At a conference on corporate tax avoidance and reputations, Public Accounts Committee chair Margaret Hodge MP backed the TaxPayers’ Alliance position that tax complexity is the root cause of much of the opportunity for tax avoidance in the UK. She told the Oxford Centre for Business Taxation’s conference that:

Simplification is at the heart of tackling tax avoidance and I blame my party just as much as the current government.

It’s great that the TaxPayers’ Alliance message is now established as the most credible critique of the problems relating to tax avoidance and the legitimacy of the system. Complexity leads to misunderstanding, which leads to mistrust. And that encourages people to avoid their own tax because they think others might be getting away with something. So it’s encouraging that this, and the point that complexity so often provides the means for tax avoidance, are being acknowledged.
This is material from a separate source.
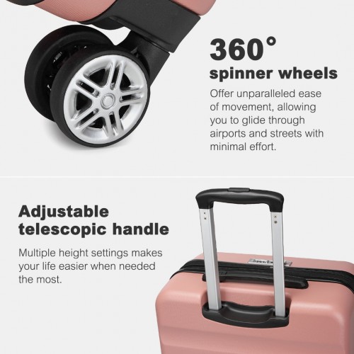 The suitcase is equipped with a fully adjustable telescopic handle, TSA-approved customs lock, and smooth, silent TPE airplane wheels for effortless mobility.
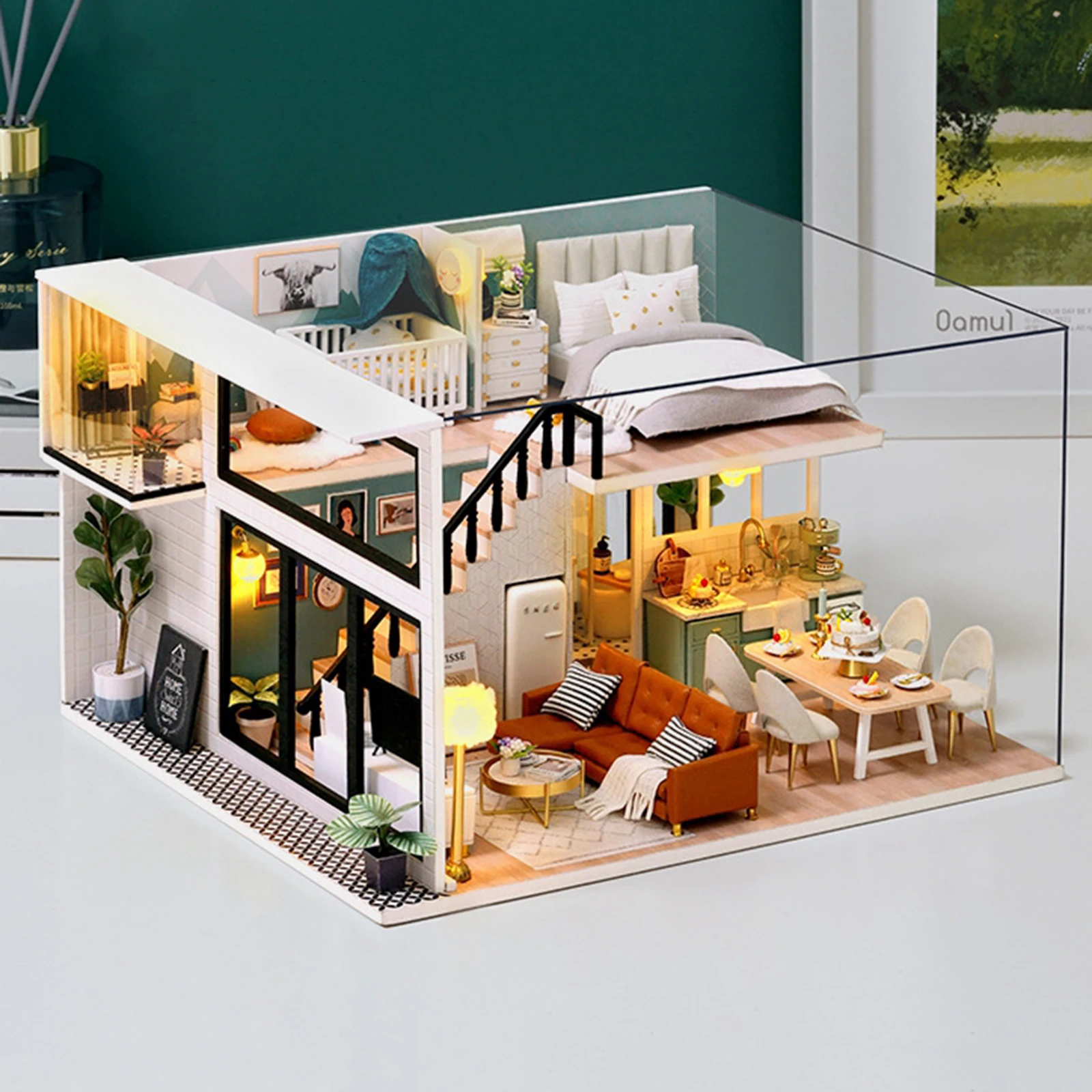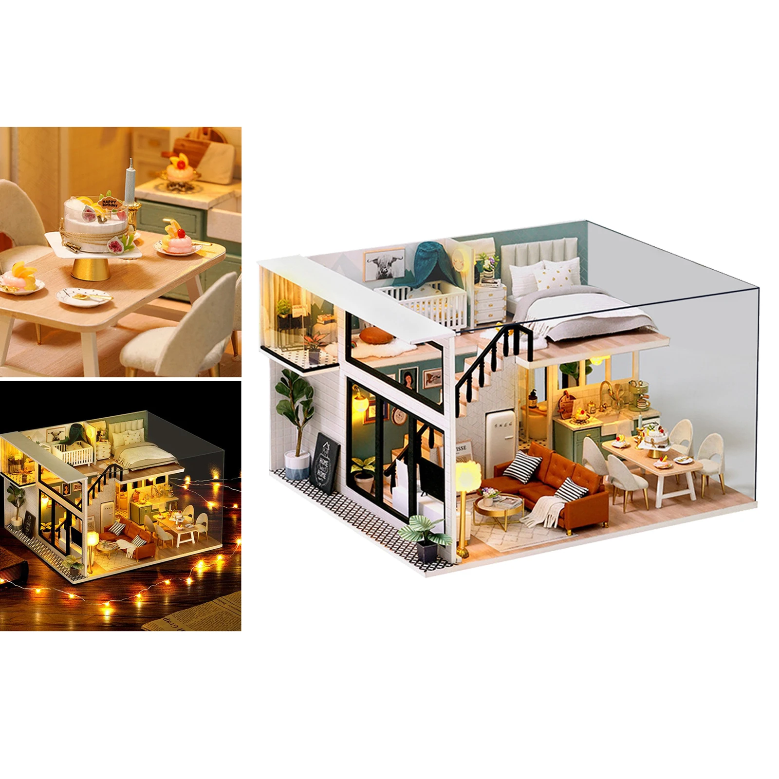 Набор для сборки кукольного домика с мебелью, подсветкой и орнаментом растения масштаб 1:24 деревянный

Exchequer Secretary to the Treasury David Gauke MP also gave a resounding defence of the lower 10 per cent rate of Corporation Tax available for activity connected with the ‘patent box’, claiming the lower rate encourages investment, jobs and growth in Britain. He said the rate had encouraged GlaxoSmithKline to invest £500 million in a new factory, creating thousands of jobs.

Mr Gauke also said that raising the rate “would cost the UK jobs and investment”. He’s right. And that’s why the Government should be cutting Corporation Tax faster than it is. Recent economic data seems to suggest that the recovery is underway but only at an extremely turgid pace. So cutting the rate to 10 per cent would both boost incentives and make the patent box redundant, simplifying the system.

Corporation Tax isn’t a free lunch. As Janine Juggins of Rio Tinto put it, it’s “not a victimless crime”. The money comes from corporate profits. That doesn’t mean incorporation certificates or gleaming corporate office buildings suffer. It means reducing dividends, which in turn means lower pension payments as most shares owned in the UK are held by pension companies. And it means higher prices in the shops. But more than anything, it means lower wages for workers. So it was great that Ms Juggins, Bill Dodwell of Deloitte and John Gapper of the Financial Times all made this point. It can’t be stressed often enough.

The final word was given to Michael Devereux, Director of the Centre for Business Taxation, who stressed that tinkering at the edges will not provide the system we need:

Simplicity has to involve fundamental reform of the tax system.

It’s clear what we do need: a much simpler system with fewer reliefs and exemptions but, crucially, lower rates. And the 2020 Tax Commission proposed just that in The Single Income Tax.